Machine hearing replicates the intricate human auditory process, including the brain’s ability to filter repetitive sounds automatically.
Hearing is an active and complex sense, functioning as dynamically as vision in processing the surrounding environment.

cochl




“Hey, Siri.” Siri responded your voice. “Alexa!”. Alexa also did it. So I think the computer can hear my voice. But STT (Speech-to-Text), or speech recognition, is not equivalent to AI hearing technology. What is different?




Machine hearing refers to technology that mechanically replicates human auditory processes. The way humans perceive sound is incredibly complex. Have you ever noticed a repetitive noise gradually becoming less noticeable? This happens because the brain automatically filters out repetitive sounds without requiring a conscious command, such as saying, “Filter out that noise.” This is just one example of the many functions of auditory perception. At this very moment, your sense of hearing is working as actively as your sense of sight.




With advancements in STT (Speech-to-Text) technology and natural language recognition powered by LLMs (Large Language Models), many people mistakenly believe that computers are capable of “hearing.” However, this is merely an understanding of spoken words, not an actual ability to “hear.” So, are there startups working on true auditory technology? The answer is yes—Cochl, a company operating out of Korea and the Bay Area, is leading the way.




“What does ‘Cochl’ mean?” I asked Yoonchang Han, the CEO of Cochl. “When the company was founded in 2017, it was named Cochlear.ai, inspired by the cochlea,” he explained. “However, in 2020, we shortened it to Cochl due to trademark issues and because the original name was difficult for people to remember.”

So, what exactly is the machine hearing foundation model that Cochl is developing?




Yoonchang Han, the CEO of Cochl.




Giving Machines the Ability to Hear

Listening to Cochl’s explanation of their technology, I realized something surprising—I had never considered that computers could only recognize human speech or music but not other sounds. I had assumed that machines, AI, and computers were capable of “hearing.”

Humans gather a wealth of information through sound, though we often fail to notice it because it isn’t as visually apparent. However, computational technology has largely focused on speech recognition, overlooking other auditory elements. Compared to advancements in image analysis or chatbot development, the progress in developing auditory perception for computers has been relatively slow.




At TechCrunch Disrupt 2024, it was only after hearing Cochl’s explanation of their technology that I grasped the distinction. Are speech recognition and sound recognition entirely different?

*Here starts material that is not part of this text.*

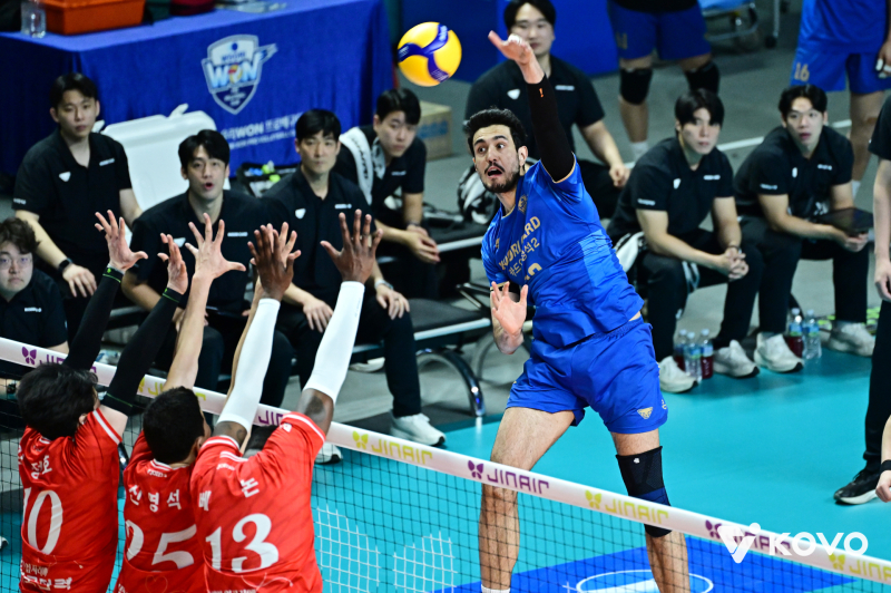 우리카드 아라우조가 지난 14일 한국전력과 경기에서 스파이크를 넣고 있다. KOVO 제공 |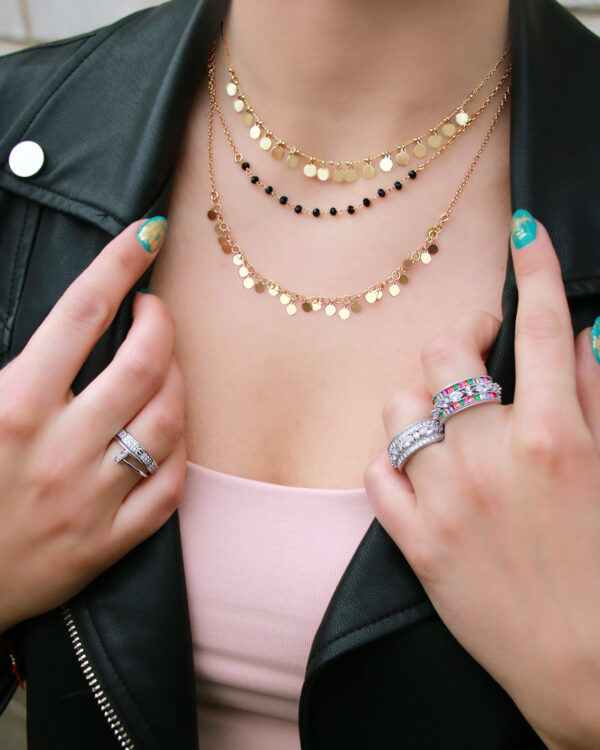 Naszyjnik Choker z Kółkami wykonany ze Srebra Próby 925. Naszyjnik uszlachetniony 3 mikronami 24 karatowego złota. Długość Chokera: 38-43 cm. Dwurzędowy Naszyjnik Choker ozdobiony Kryształkami Swarovskiego oraz zawieszkami w kształcie Kółek/Blaszek. Jego wyjątkowy design podkreśli Twoją stylizację nadając jej wyrazistego charakteru. Naszyjnik Choker z Kółkami doskonale uzupełni dzienną jak i wieczorną stylizację! Naszyjnik Choker to absolutny Must Have tego sezonu!

Machine listening encompasses all sounds humans hear, including speech, music, and environmental noises. In the near future, it is expected that auditory cognitive abilities will be an essential component for computers to achieve human-like capabilities. To integrate diverse sound domains—such as environmental and mechanical sounds, beyond speech and music—into a single AI system, the importance of generalized machine listening technology will only grow. It seems likely that auditory cognitive abilities will play a crucial role in the development of AGI.

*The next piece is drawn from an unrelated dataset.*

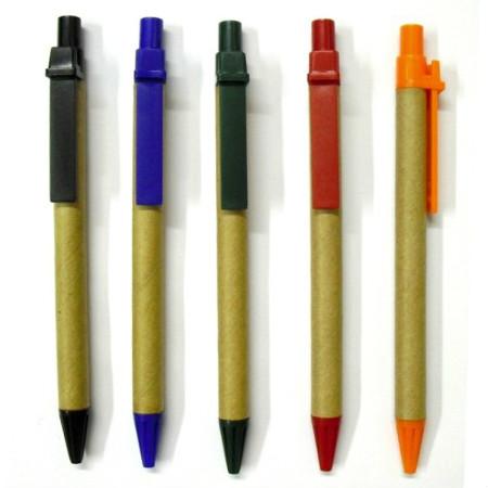 Caneta esferográfica com corpo de papelão reciclado, carga cor azul, detalhes em diversas cores (sujeito a confirmação em estoque) e acionamento através de pressão.

Repeated sounds and noise are often filtered out by the brain, which automatically prevents us from consciously recognizing them. Replicating this complex auditory cognitive process in machines must have presented many challenges. What was the most difficult aspect of this?

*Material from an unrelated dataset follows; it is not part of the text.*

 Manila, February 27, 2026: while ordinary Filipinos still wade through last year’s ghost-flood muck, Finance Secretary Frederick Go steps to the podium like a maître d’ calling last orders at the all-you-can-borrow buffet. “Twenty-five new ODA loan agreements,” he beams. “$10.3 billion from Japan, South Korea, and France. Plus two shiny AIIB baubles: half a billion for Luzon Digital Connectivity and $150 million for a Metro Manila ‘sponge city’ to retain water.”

Machine listening requires AI to understand all sounds, across a wide range of frequencies that overlap in various ways. This posed a significant technical challenge. Moreover, sound data varies depending on the characteristics of microphones, noise levels, and reverberation in recording environments. Establishing standards and implementing these as generalized technologies was challenging, but we are making progress through technological solutions. Researching and developing machine listening technology has reinforced how incredibly advanced the human brain is—truly a high-performance computer.




To process such complex and extensive data, algorithm development must have been necessary. I understand that you utilize CNN and RNN models. How is Cochl developing its foundation model?

Until the early 2010s, engineers manually observed and extracted data features based on predefined rules. However, more recently, we have adopted deep learning technologies where computers identify patterns in data, extract features, and even classify results. Through artificial neural network training, we are designing various model architectures and conducting end-to-end research and development for Sound AI technology, including preprocessing, postprocessing, data augmentation, and collection.




Using AI chatbots like ChatGPT has become second nature to many of us. However, concerns about hallucinations in AI responses continue to grow. Companies aiming to adopt Cochl’s technology are using sound to detect machine anomalies and to establish a social safety net through sound data. With accuracy being the most critical factor, how is Cochl working to enhance it?

Improving accuracy requires careful attention to every step of auditory cognitive development—from data collection and augmentation to model training, evaluation, and deployment. Nothing can be overlooked in this process. To this end, Cochl evaluates and measures accuracy in real-world environments rather than relying solely on laboratory-generated refined data.




Cochl



AI Between Hearing and Vision

Cochl’s sound AI technology reminded me of a stethoscope. Just as doctors use stethoscopes to examine patients, machine hearing technology can detect mechanical faults and identify incidents like gunshots in everyday life, making it seem like a stethoscope for society as a whole.

When machines break down, the first sign is often a change in sound. Thus, calling it a “stethoscope for machines” seems fitting. The world is full of various machines, each producing distinct sounds, making the development of a universal model challenging. In theory, sound can be used to detect faults in machines, but collecting the necessary data is both time-consuming and costly.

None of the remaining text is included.